Auch der Name des Landes, die Flagge, die Nationalhymne und alle nationalen Symbole würden geändert werden, hieß es. Frauen könnten bis zum neunten Monat abtreiben, man werde keine Wasserflaschen mehr kaufen können, da das Wasser verfassungsrechtlich geschützt sei, Kirchen würden geschlossen, um die Religionsfreiheit zu verhindern, und nicht-indigene Chilenen müssten einen Reisepass haben, um Mapuche-Gebiete zu betreten. Zuletzt kam noch der Vorwurf, der Präsident werde den Ausnahmezustand gegen den indigenen "Terrorismus" im Süden des Landes nicht anwenden.

Nichts davon spiegelt sich in dem Verfassungsvorschlag wider, aber die Gegner gaben nie nach. Im Gegenteil, sie bestanden darauf, unter dem Motto "Lasst uns Chile retten" bis zur letzten Minute Angst zu verbreiten.
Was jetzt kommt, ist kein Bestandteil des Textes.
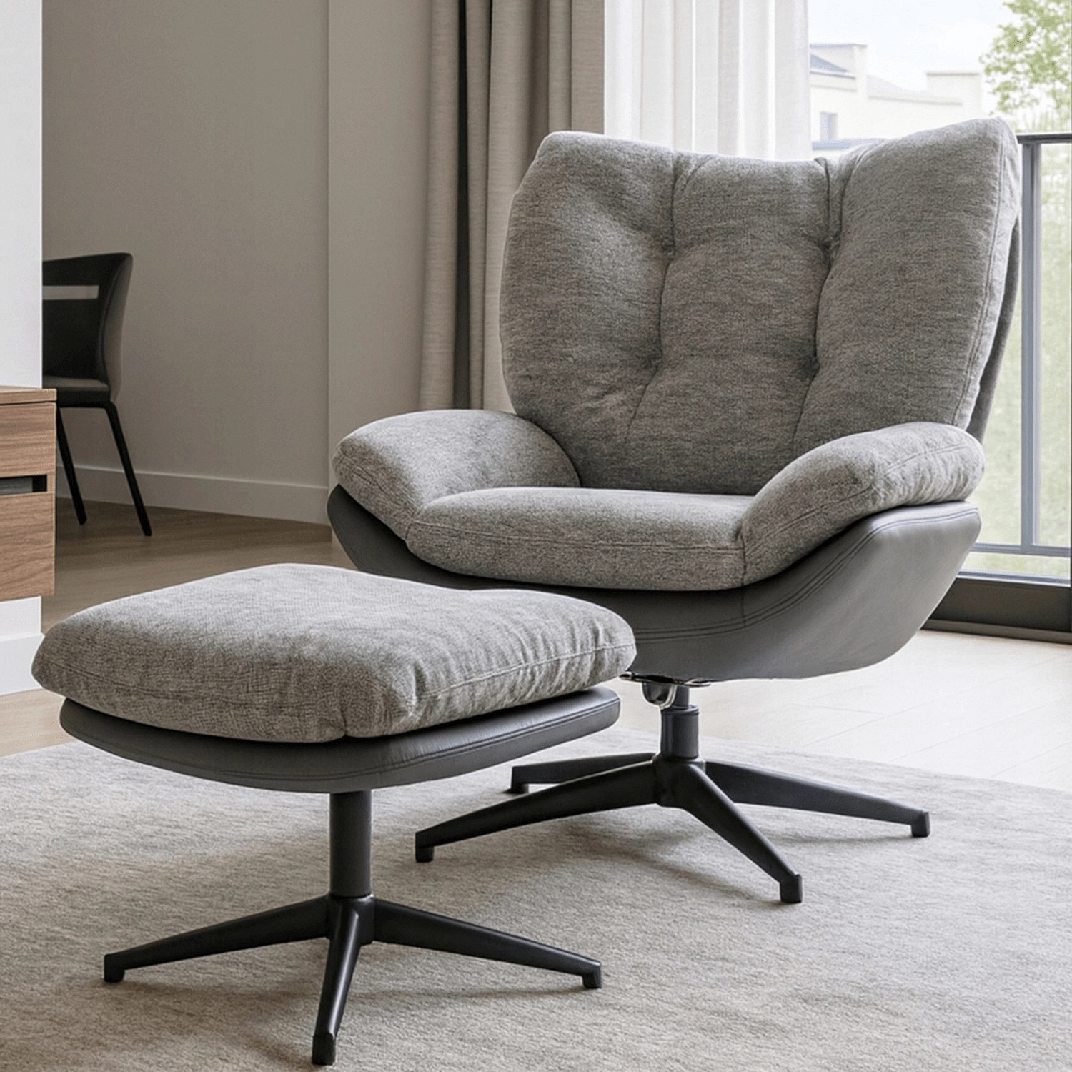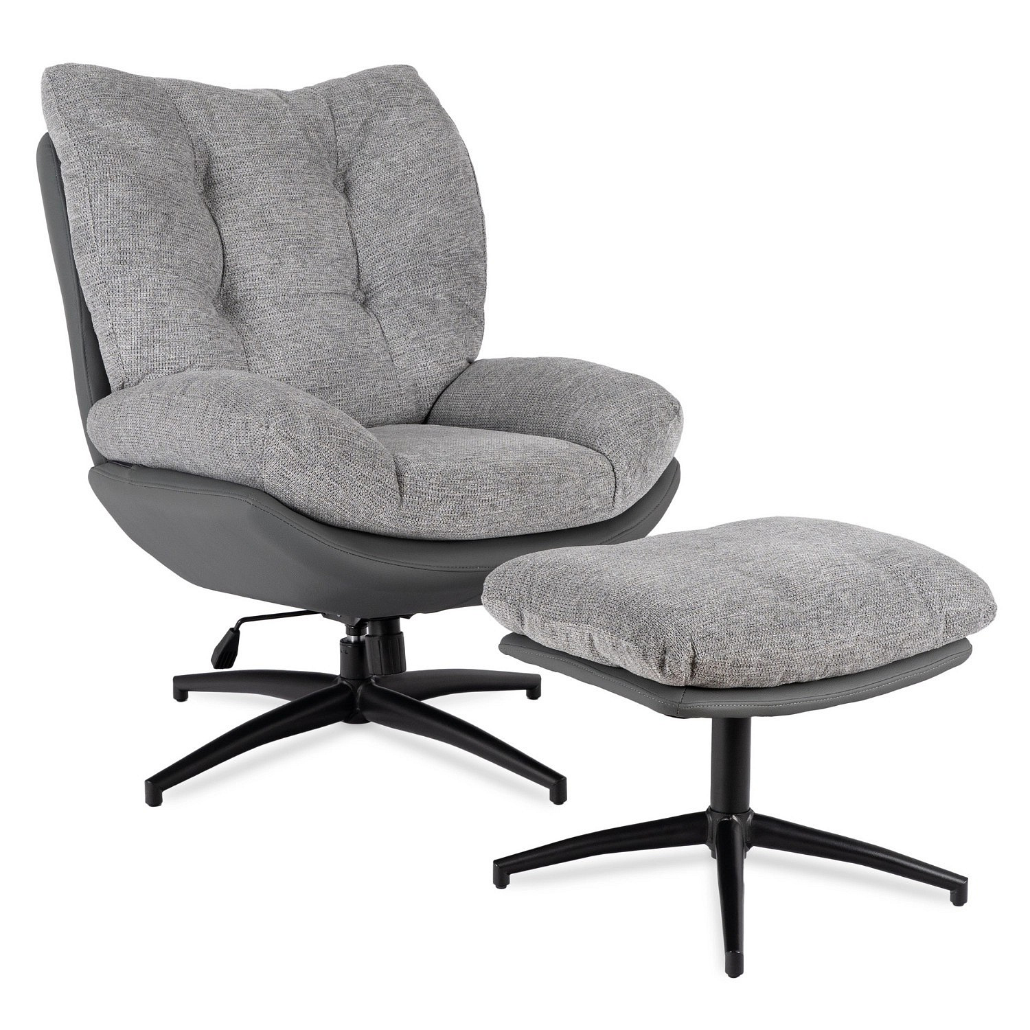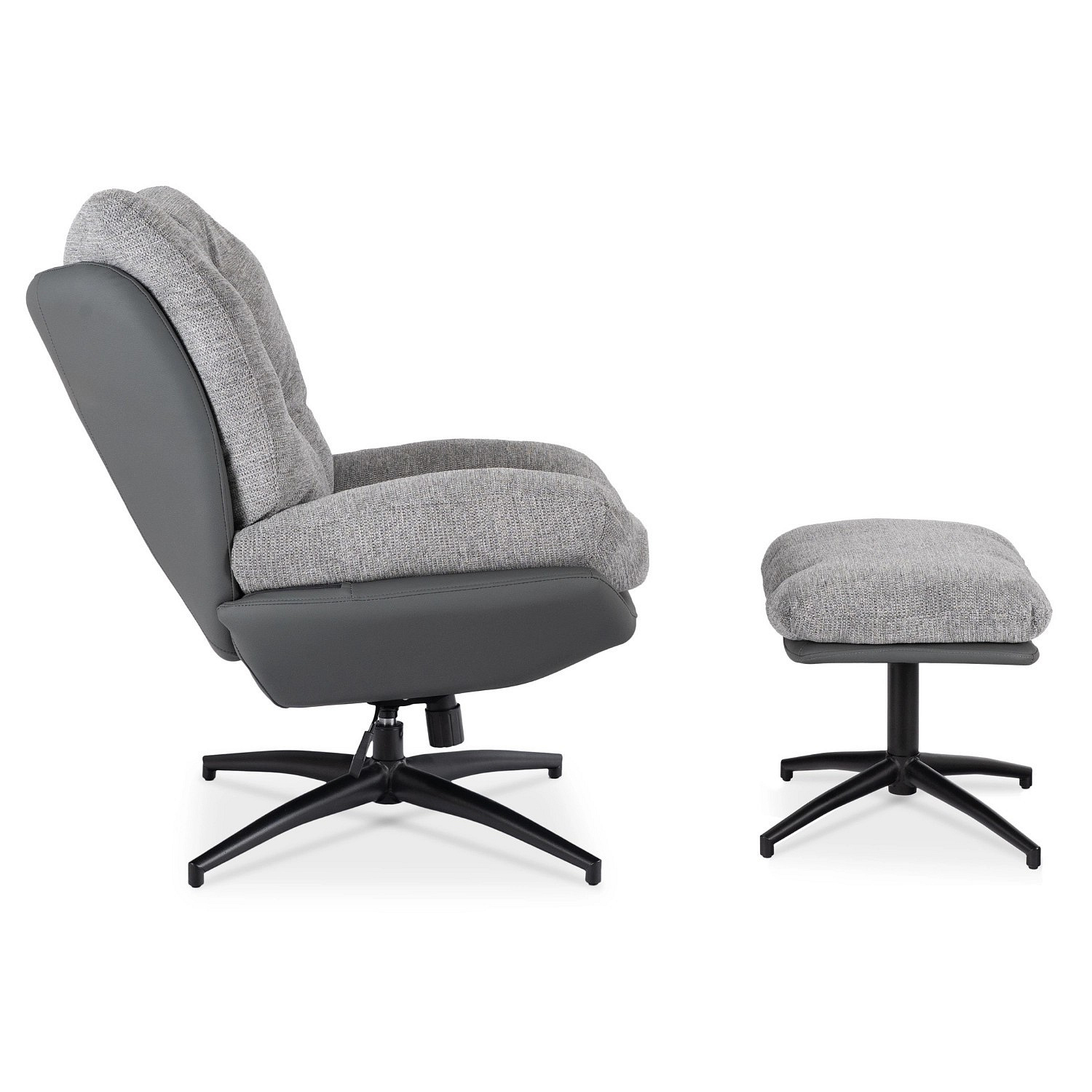 Otočná Relaxační Křeslo FREMONT s Podnožkou Šedá/Černá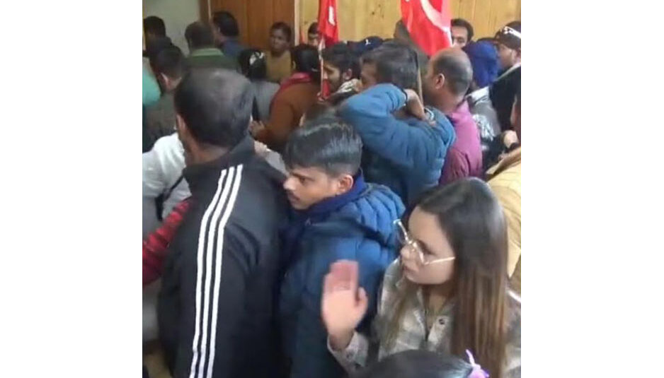 नगर निगम शिमला के ऑफिस में तहबाजारी यूनियन ने किया धरना प्रदर्शन

Angebliche Inszenierung eines Wahlbetrugs

Sie warnten auch davor, dass die Regierung Boric einen Wahlbetrug vorbereite, damit die "Zustimmungskräfte" gewinnen. Man würde unkontrolliert Zuwanderer – hauptsächlich aus Haiti und Venezuela – ins Land holen und ihnen Stimmrechte geben, damit sie für die neue Verfassung stimmten. Die Wählerlisten wolle man mithilfe der Daten von Verstorbenen aufblähen, um sie für die neue Verfassung einzusetzen, auch die Daten von Verschwundenen aus der Zeit der Diktatur seien darunter.

Diese angeblichen Bedrohungen der demokratischen Wahlen wurden vom staatlichen Wahldienst verneint, was jedoch wirkungslos blieb. Die Desinformation, die vorgaukelte, die neue Verfassung stelle eine Gefahr für das Land dar, geht bis heute weiter.
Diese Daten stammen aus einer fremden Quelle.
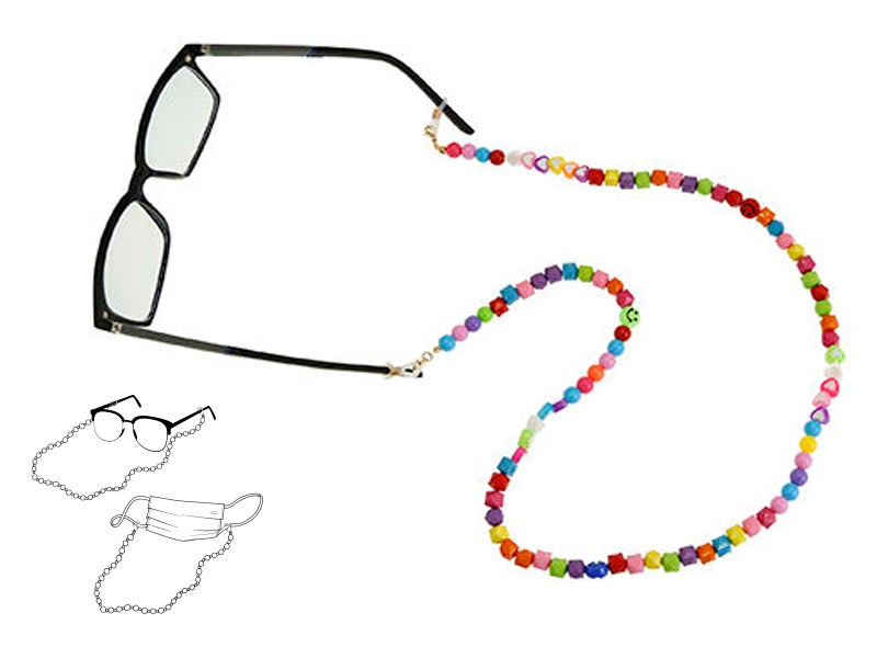 Design: cordino a perline multicolore con adattatori regolabili in silicone alle estremità per adattarli ai tuoi occhiali.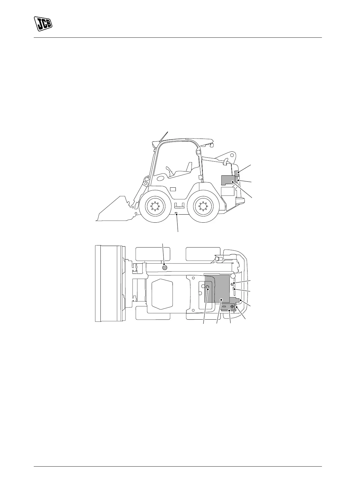 E Engine oil dipstick F Hydraulic oil level indicator, Hydraulic oil filler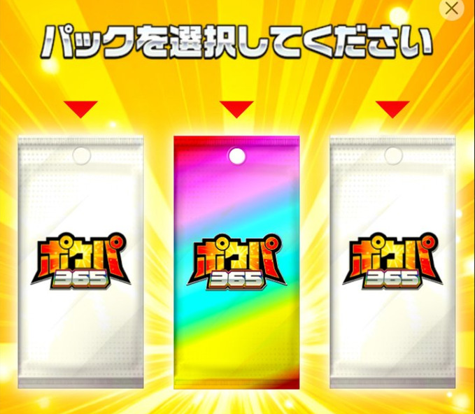ポケパ365ではオリパを引くパックを6つの中から選べて、その中に低確率で虹色や金色のパックが出現するという業界初演出があります。

Die Geschichte der chilenischen Verfassungsreform

Der Weg zu einer neuen chilenischen Verfassung begann im Oktober 2019 mit den historischen Massenprotesten, die sich in ganz Chile ausbreiteten. Die soziale Verarmung, die millionenfache Ablehnung des privatisierten Rentensystems, die Proteste gegen das private Bildungssystem mit seinen Privilegien, und viele Themen mehr, bildeten den Hintergrund für die Demonstrationen.
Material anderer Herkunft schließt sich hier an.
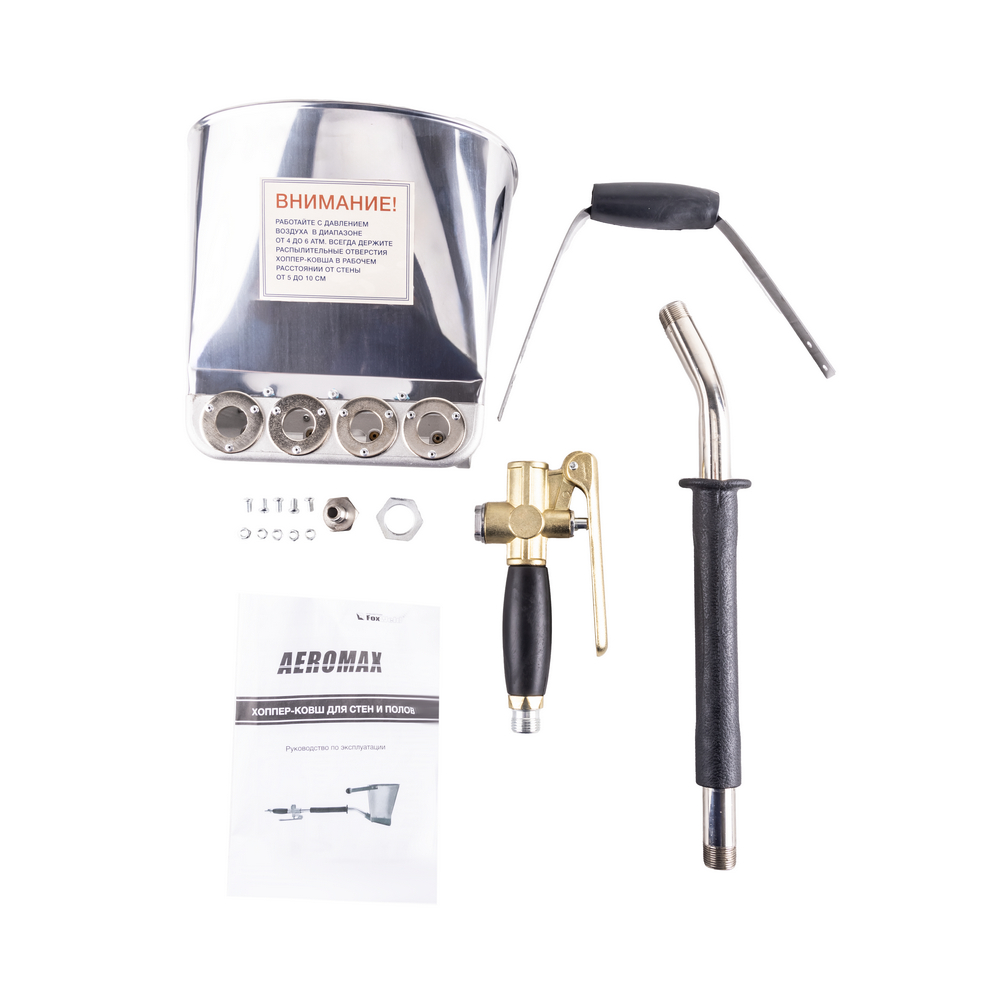 Штукатурный хоппер ковш стеновой AEROMAX WAH-02 предназначен для быстрого нанесения штукатурных растворов на стены и вертикальные поверхности, работа осуществляется через компрессор с постоянным давлением. Благодаря технологии нанесения штукатурки с помощью хоппер ковша, расход смеси значительно сокращается, за счет улучшения адгезии раствора и нанесения его тонким слоем, что уменьшает затраты на используемые материалы. К тому же, значительно ускоряется и облегчается рабочий процесс. Эксплуатация не требует особых навыков или квалификации. В процессе работы возможно внесение в раствор добавок и фибры. Инструмент подключается к воздушному компрессору с объемом ресивера 50-100 л и производительностью не менее 300 л/мин с помощью шланга с оптимальным внутренним диаметром в 14 мм, фиксируемым хомутами или муфтами GEKA обеспечивающими минимальные потери по расходу воздуха. Изделие имеет оптимальную для быстрой работы емкость ковша из нержавеющей стали в 3,5 л. Ковш оснащен 4-мя интегрированными соплами диаметром 20 мм которые обеспечиваю беспрепятственный выброс смеси при помощи сжатого воздуха. Прорезиненная рукоятка с удобным хватом и большой диаметр штанги обеспечивают лучшее удержание и меньшую утомляемость. Скорость обработки поверхностей при соблюдении всех требований с помощью данной технологии составляет до 30-50 кв. метров в час.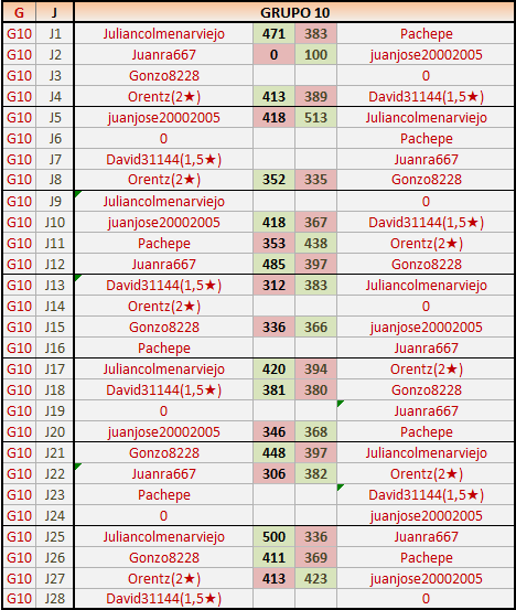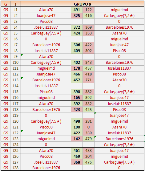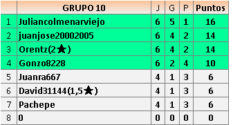 Deja un comentarioEn está página se irán publicando los resultados de las diferentes partidas, siendo ambos jugadores responsables de subirlos o de comprobar que ya hayan sido publicados insertando un COMENTARIO en la parte inferior de la pantalla (opción “Deja tu comentario”), indicando el nombre de los dos jugadores y los puntos obtenidos en la partida.

Um den Konflikt zu kanalisieren, hatte die Regierung von Sebastián Piñera keine andere Wahl, als eine Volksabstimmung für eine neue Verfassung zu akzeptieren. Sie fand am 25. Oktober 2020 statt, mit  78 Prozent Unterstützung für eine neue Charta Magna. Am 4. Juli 2021 nahmen die gewählten Vertreter der Verfassungskonvention ihre Arbeit auf. Die erste Präsidentin des Verfassungsorgans war die indigene Intellektuelle Elisa Loncón, die später von María Elisa Quinteros abgelöst wurde, einer unabhängigen Gesundheitsspezialistin. Nach einjähriger Arbeit übergab der Konvent dem Präsidenten Gabriel Boric den Textentwurf. Damit begann die letzte Etappe, der Weg zum Referendum über den Gesetzestext. Die Abstimmung wird am 4. September stattfinden.